Держать в руках совковую лопату Никита учил Антона недолго.
– Ты видал корабельную топку? Броненосца, в тридцать тысяч тонн водоизмещением? Не видал. Вот здесь топка, – Никита неуловимым движеньем открыл дверцу («Дверь топки привычным толчком отворил») – длинная, потому что котел цилиндрический протяженный. Так вот. Пароходная – куда длиннее. А уголь надо забрасывать равномерно по всей пламенной поверхности, и к задней стенке тоже. Помахай лопатой смену, в трюме, да в Красном море, когда и поверху, на палубе босиком не пройдешь – как по сковородке, вроде как в аду. Не умеючи часа не простоишь, кишочку поднадорвешь.

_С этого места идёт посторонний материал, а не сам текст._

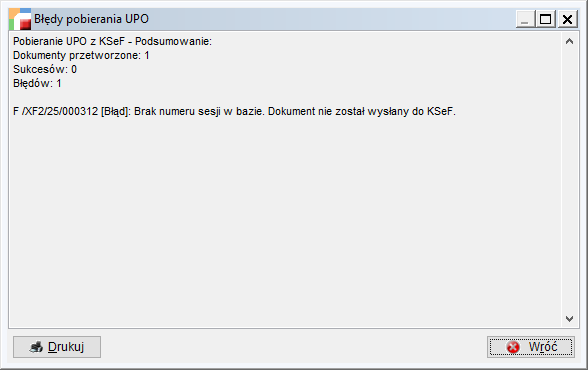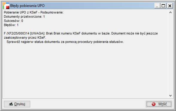 | Błąd pobierania UPO – dokument niezaakceptowany. | Próba pobrania UPO, gdy dokument w KSeF ma status Przetwarzanie i nie został jeszcze ostatecznie zaakceptowany. | 1. Użyć opcji Pobierz status. 2. Jeśli status zmieni się na Przyjęty w KSeF, ponowić próbę pobrania UPO. |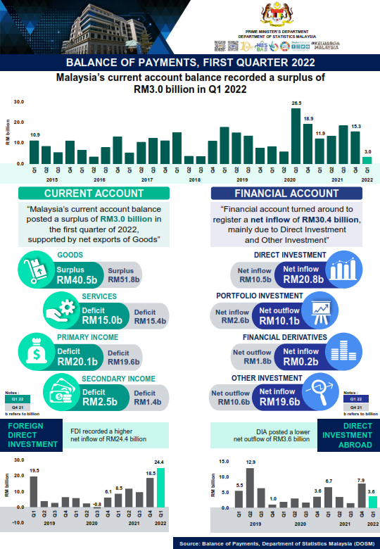 Malaysia’s Current Account Balance records a surplus of RM3.0 billion while FDI remained high at RM24.4 billion in Q12022, mainly driven by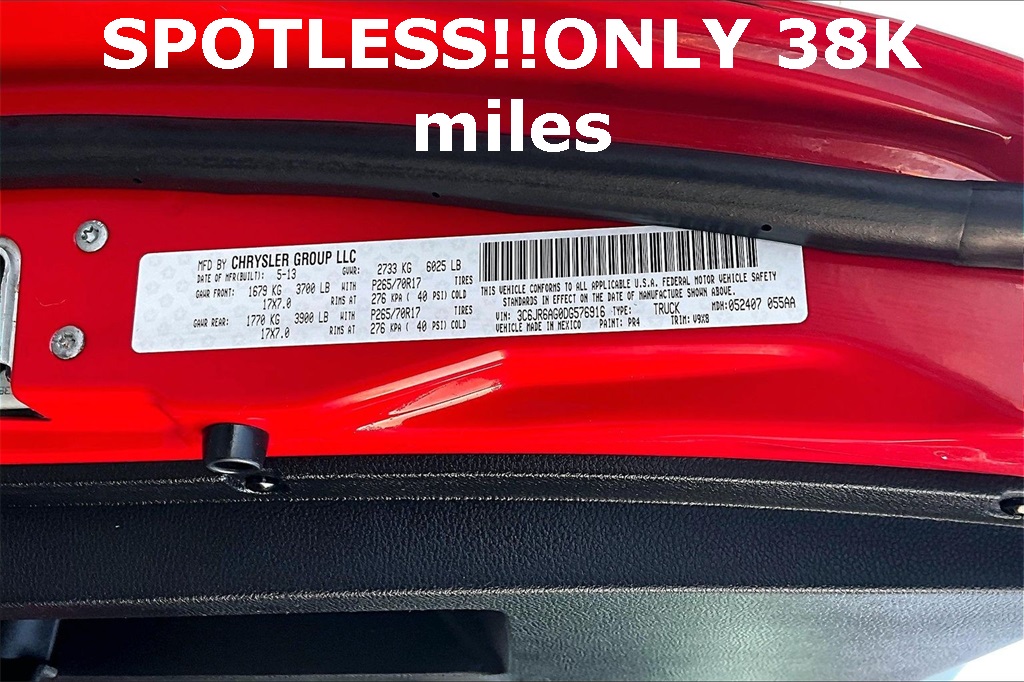 VIN: 3C6JR6AG0DG576916 | Stock #: 576916A | Mileage: 38,155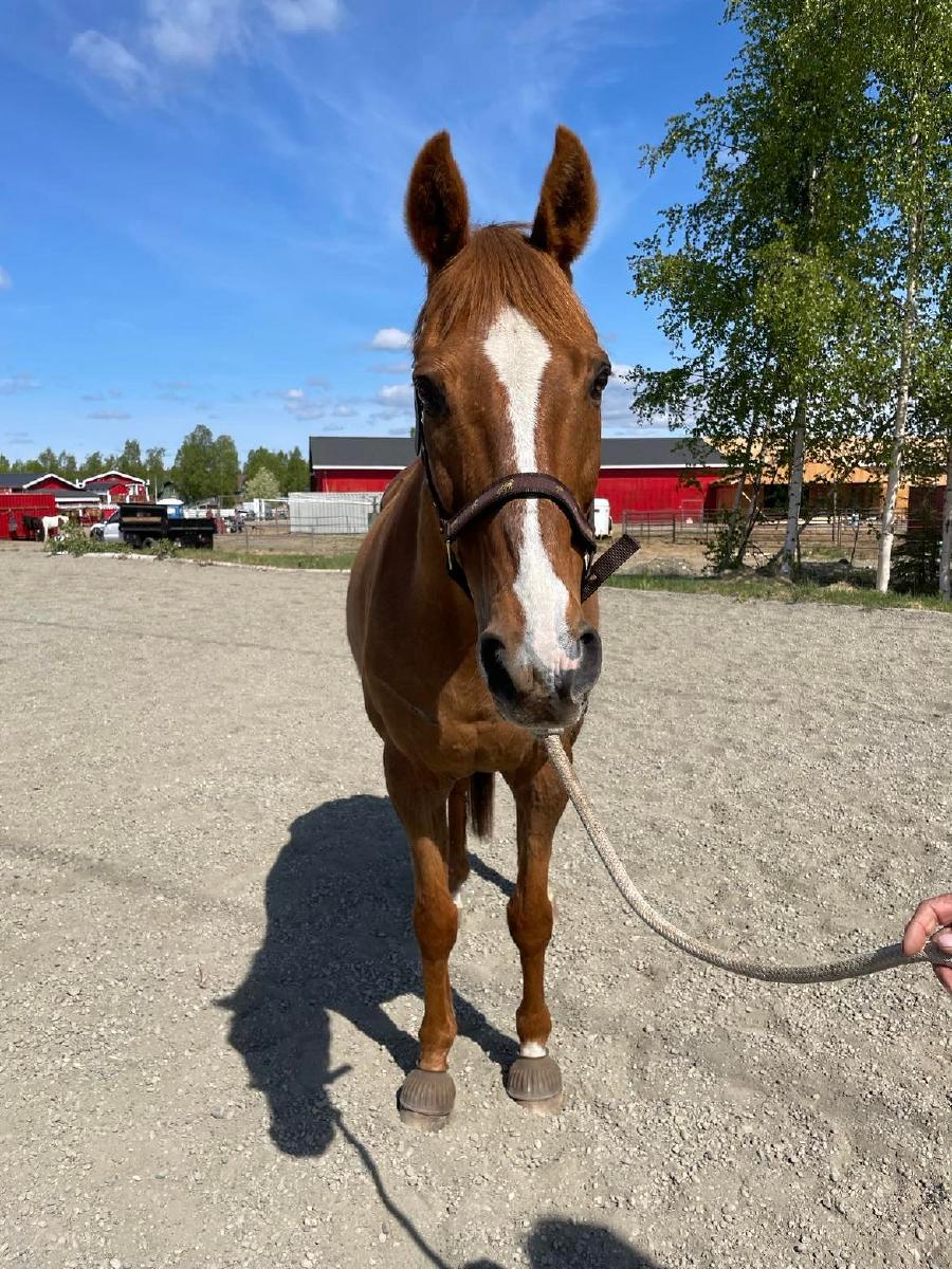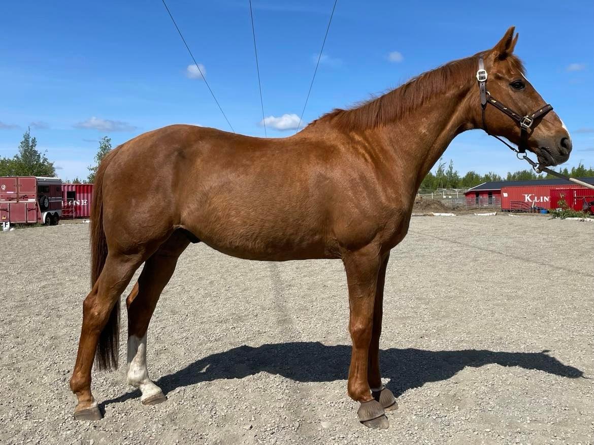 Beobou “Bob” – is a 2001 thoroughbred, who didn’t make it on the track and then was trained by a cowboy, and then trained in dressage and jumping prior to the AKHR. He has been with us since 2014, and used in our intermediate/advanced lesson program. He can go both western and English. He has been shown in First Level Dressage, and has the potential to go higher. He is not a beginner horse, he is a TB with more go than woah, intermediate to advanced only. Proudly offered for sale at $2,500 USD.
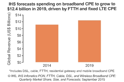 ICCSZ訊 近日市場調(diào)研公司IHS發(fā)布其最新的關(guān)于客戶駐地設(shè)備(CPE)市場報告,該報告分析了DSL、線纜、光纖到戶方面的市場信息。IHS預(yù)測該市場到2019年將增長8%,至124億美元。
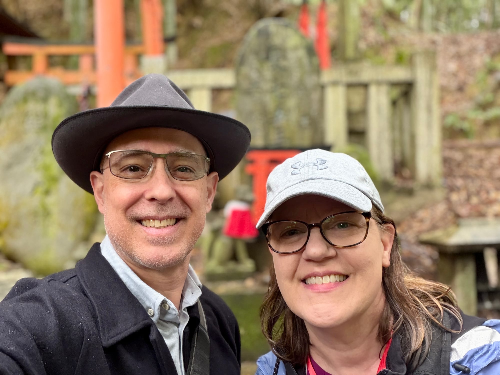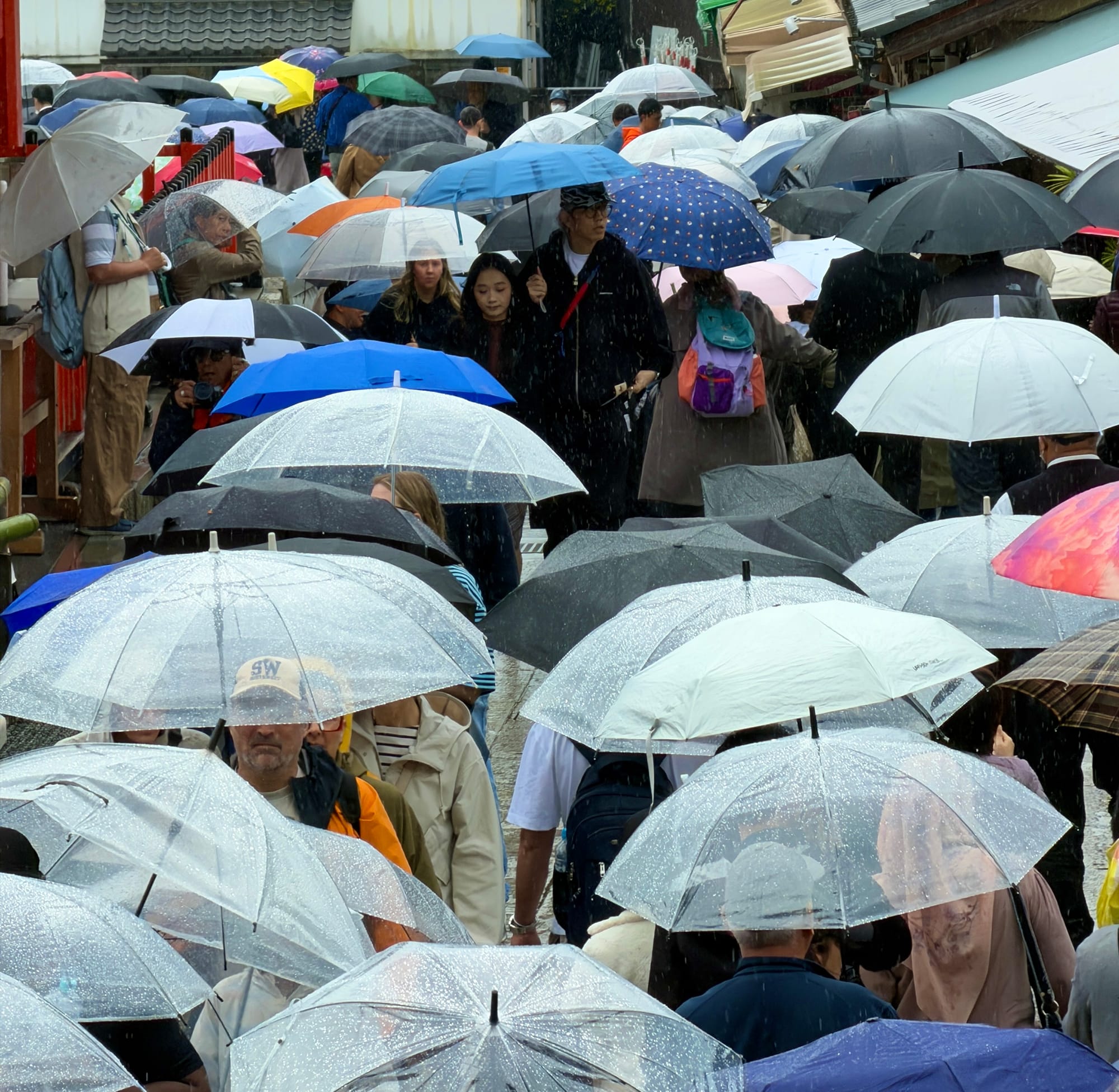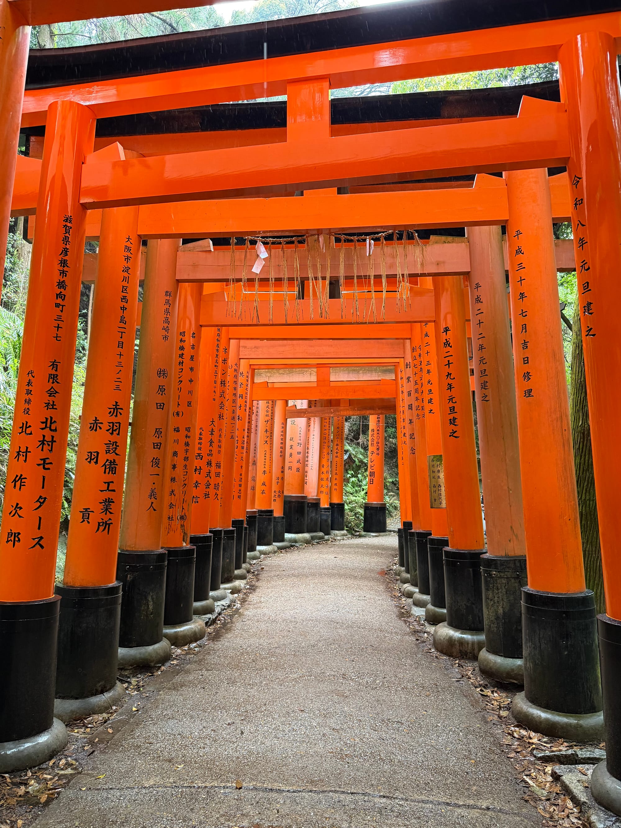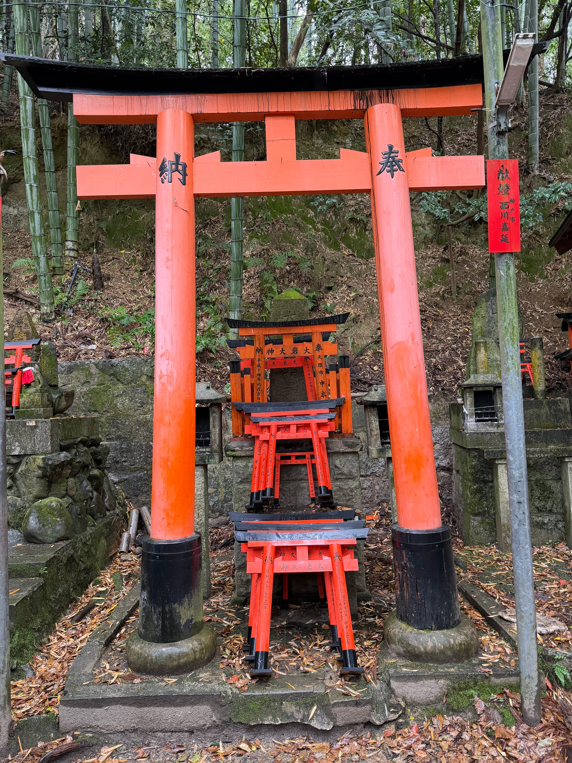 Rain or shine, the show must go on. We knew it would be a pretty wet day and were prepared for it. Our first stop of the morning was the Fushimi Inari Taisha Shrine. This is an important Shinto Shrine in southern Kyoto. It is famous for its thousands of vermilion torii gates, which straddle a network of trails behind its main buildings.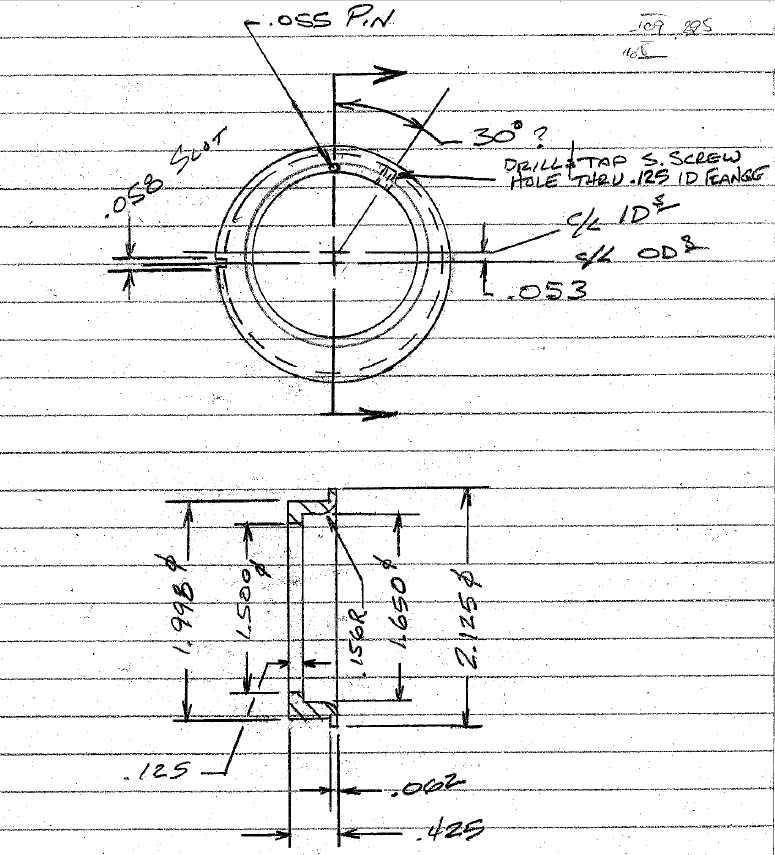 I made this drawing from a reducer ring on one of my machines. It's most likely a reproduction, but a pretty nice one. The dimensions are taken directly off of the part. If I were going to make one, I'd increase the .425 overall length to maybe .475 and increase the ID flange width to .175. It would make locating the setscrew a lot easier.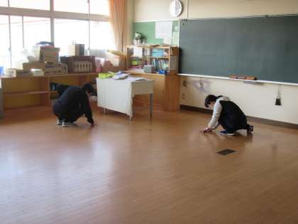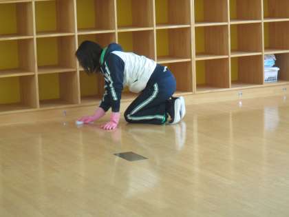 今日は、先生方で教室のワックス塗り。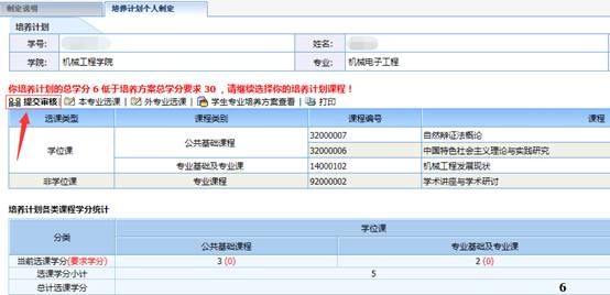 第四步,在学生制定自己的培养计划后,点击“提交审核”将自己个人的培养计划提交给导师进行审核。

Наука Никиты была, как потом понял Антон, в чередовании напряжения и расслабления. Конечно, лопата должна быть не до пояса, как все эти дурацкие заступы, а с черенком нормального размера, до подбородка, чтоб был размах. Посылаешь тяжелую лопату вперед, и когда куски угля соскользнули с нее, – плечевой пояс и руки расслабляются, лишь придерживая лопату, чтоб не улетела в топку («У салаг такое бывало: отпустит – и с концом, тысяча градусов, только дымок от черенка»). И этой секунды мышцам хватает, чтобы снять напряжение, отдохнуть. Как в брассе: толчок, усилие – скольжение – расслабление. Опытному пловцу легче в воде, чем на суше, он может плыть много часов. Никита говорил, что выстаивал и по две смены. Антон зачарованно глядел, как он, открыв бьющую в лицо жаром топку («и пламя его озарило»), безо всякого усилия швырял в ее огненно-белую глубину сверкающие глянцевые куски антрацита («Хороший уголек дает Караганда, мать ее так!..»). И сам сверкал своим тоже черным единственным глазом, матрос русского флота кочегар Никита, сорок пять лет простоявший у топки.
Вдовий угол
По утрам дед по-прежнему, несмотря на свое полулежачее состояние, брился сам, доверяя Антону только взбивать пену в широкодонном медном стаканчике, именуемом «тазик», и – уже со вздохом – править «Золлинген» на ремне. Подравнивал усы, виски, тщательно выбривал щеки (подперши их извнутри языком, так что в рассуждении гладкости они делались совершеннейший атлас).
Раньше, когда Антон приезжал на каникулы, дед любил за завтраком расспрашивать его, как там в столицах. Антон старался рассказать что-нибудь любопытное, например, про встречу студентов МГУ с Николасом Гильеном, и даже цитировал его стихи, которые на вечере с пафосом читал переводчик прогрессивного поэта: «Он теперь мертвый – американский моряк, тот, что в таверне показал мне кулак». Реакция деда, как всегда, была решительной:
– Наши были бандиты, и эти, кубинские – тоже бандиты.
Вспоминали; их общие с дедом воспоминанья теперь тоже отстояли – не верилось – на тридцать, тридцать пять лет.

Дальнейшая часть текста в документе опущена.